16. The method as recited in claim 14, wherein the load balancer marking the selected node as inactive comprises re-load-balancing requests pending with the selected node among the plurality of nodes associated with the load balancer and not known by the load balancer to be inactive.

17. The method as recited in claim 1, further comprising:

after said selecting the node, the load balancer sending a dummy request to the selected node;

wherein said determining if the selected node is able to service the request comprises the load balancer determining if the selected node fails to respond to the dummy request within a timeout period.

18. The method as recited in claim 17, further comprising if the selected node fails to respond to the dummy request within the timeout period, the load balancer marking the selected node as inactive.

19. The method as recited in claim 18, wherein the load balancer marking the selected node as inactive comprises, if no other nodes from among the plurality of nodes associated with the load balancer are not known by the load balancer to be inactive, the load balancer sending a message to the higher-level load balancer to disable the load balancer from receiving further requests.

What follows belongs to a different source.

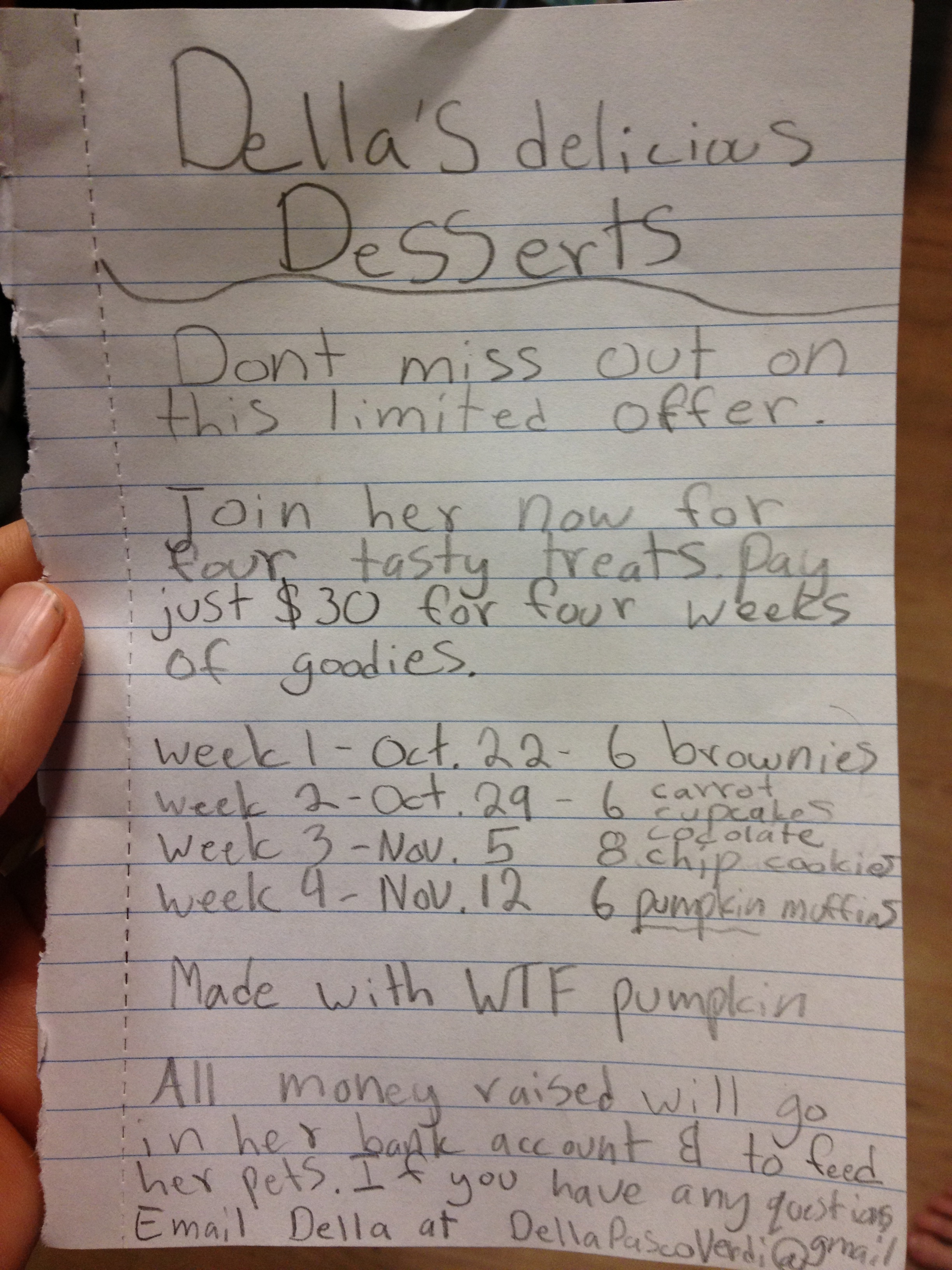 Della is starting a CSA of her baked goods. She does a delicious job, and if you act now, she’ll add on a pumpkin pie for Thanksgiving!

20. The method as recited in claim 18, wherein the load balancer marking the selected node as inactive comprises re-load-balancing requests pending with the selected node among the plurality of nodes associated with the load balancer and not known by the load balancer to be inactive.

21. The method as recited in claim 17, further comprising, if the selected node responds to the dummy request within the timeout period, the load balancer sending the request to the selected node.

22. The method as recited in claim 21, wherein said determining if the selected node is able to service the request further comprises the load balancer determining if the selected node fails to respond to the request within a timeout period.

23. The method as recited in claim 1, wherein said determining if the selected node is able to service the request comprises the load balancer receiving a message from the selected node indicating that the selected node is disabled.

24. The method as recited in claim 23, further comprising, upon receiving said message, the load balancer marking the selected node as inactive.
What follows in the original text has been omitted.